◆ Task material ◆
--
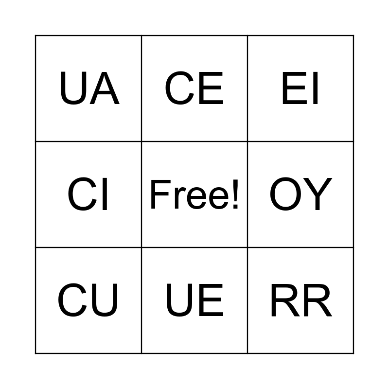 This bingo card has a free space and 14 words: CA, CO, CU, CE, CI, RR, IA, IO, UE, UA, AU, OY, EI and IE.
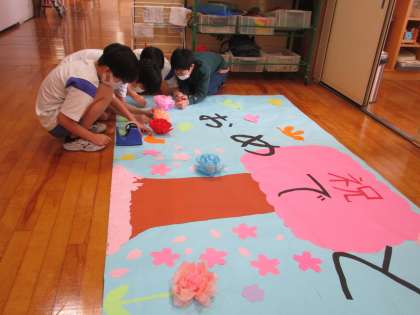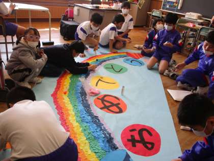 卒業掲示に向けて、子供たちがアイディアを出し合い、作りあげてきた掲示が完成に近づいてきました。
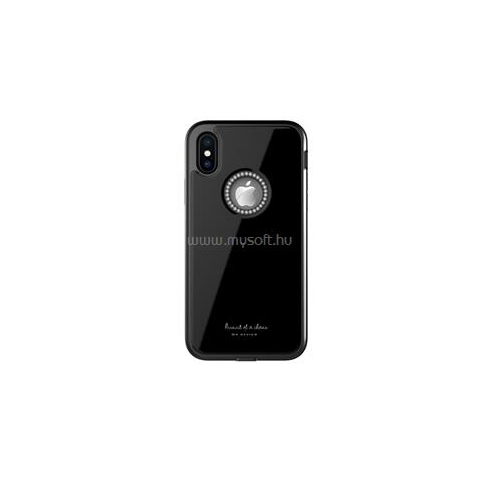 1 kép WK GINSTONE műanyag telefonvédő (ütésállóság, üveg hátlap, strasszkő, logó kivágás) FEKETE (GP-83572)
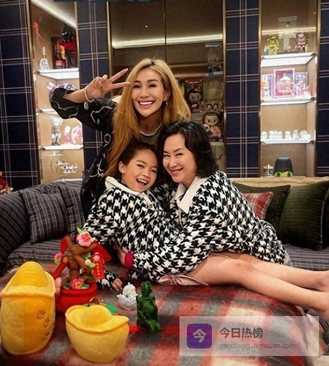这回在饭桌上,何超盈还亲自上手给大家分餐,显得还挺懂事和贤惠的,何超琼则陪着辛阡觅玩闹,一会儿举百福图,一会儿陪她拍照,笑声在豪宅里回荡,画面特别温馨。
--
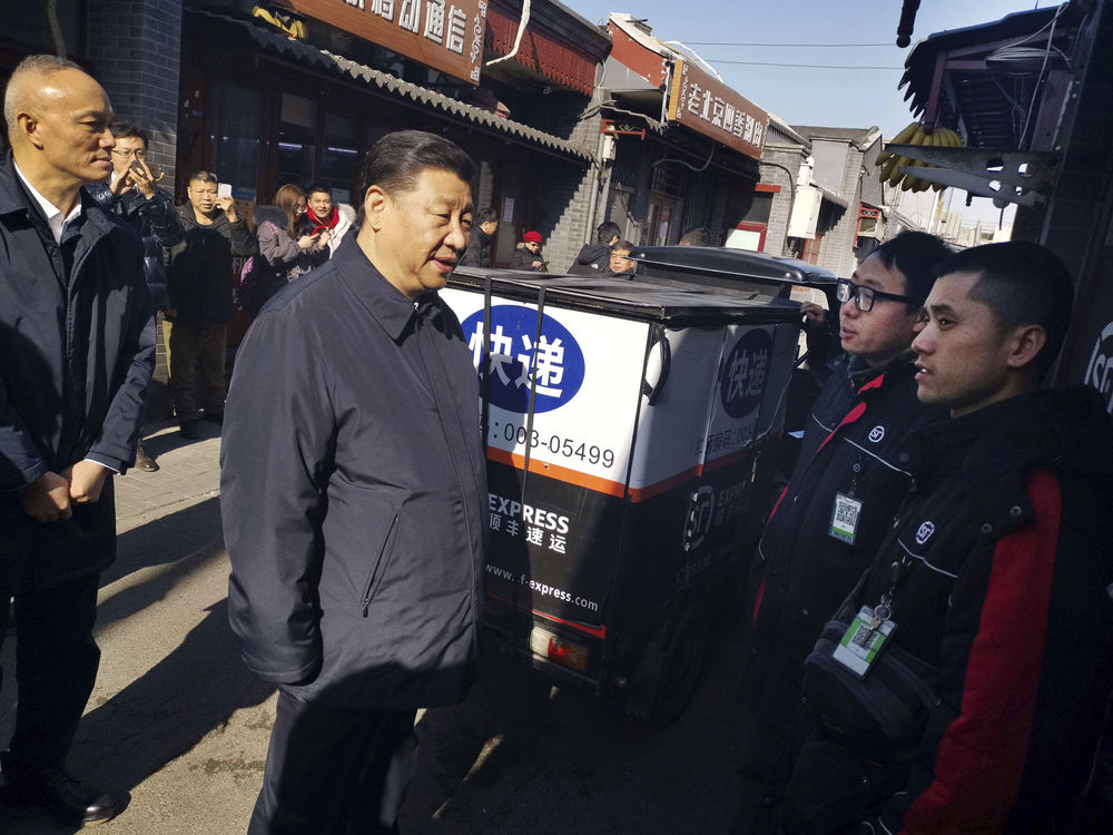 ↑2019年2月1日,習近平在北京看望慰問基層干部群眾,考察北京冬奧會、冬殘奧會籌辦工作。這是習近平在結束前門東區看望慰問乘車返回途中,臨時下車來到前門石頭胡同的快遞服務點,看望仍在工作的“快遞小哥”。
--
◆ Exercise ◆
Lines from the one above containing "This bingo card" down to the one containing "这回在饭桌上,何超盈还亲自上" should be transcribed exactly, with both ends kept and no pictures.

◆ Your solution ◆
 This bingo card has a free space and 14 words: CA, CO, CU, CE, CI, RR, IA, IO, UE, UA, AU, OY, EI and IE.
 卒業掲示に向けて、子供たちがアイディアを出し合い、作りあげてきた掲示が完成に近づいてきました。
 1 kép WK GINSTONE műanyag telefonvédő (ütésállóság, üveg hátlap, strasszkő, logó kivágás) FEKETE (GP-83572)
这回在饭桌上,何超盈还亲自上手给大家分餐,显得还挺懂事和贤惠的,何超琼则陪着辛阡觅玩闹,一会儿举百福图,一会儿陪她拍照,笑声在豪宅里回荡,画面特别温馨。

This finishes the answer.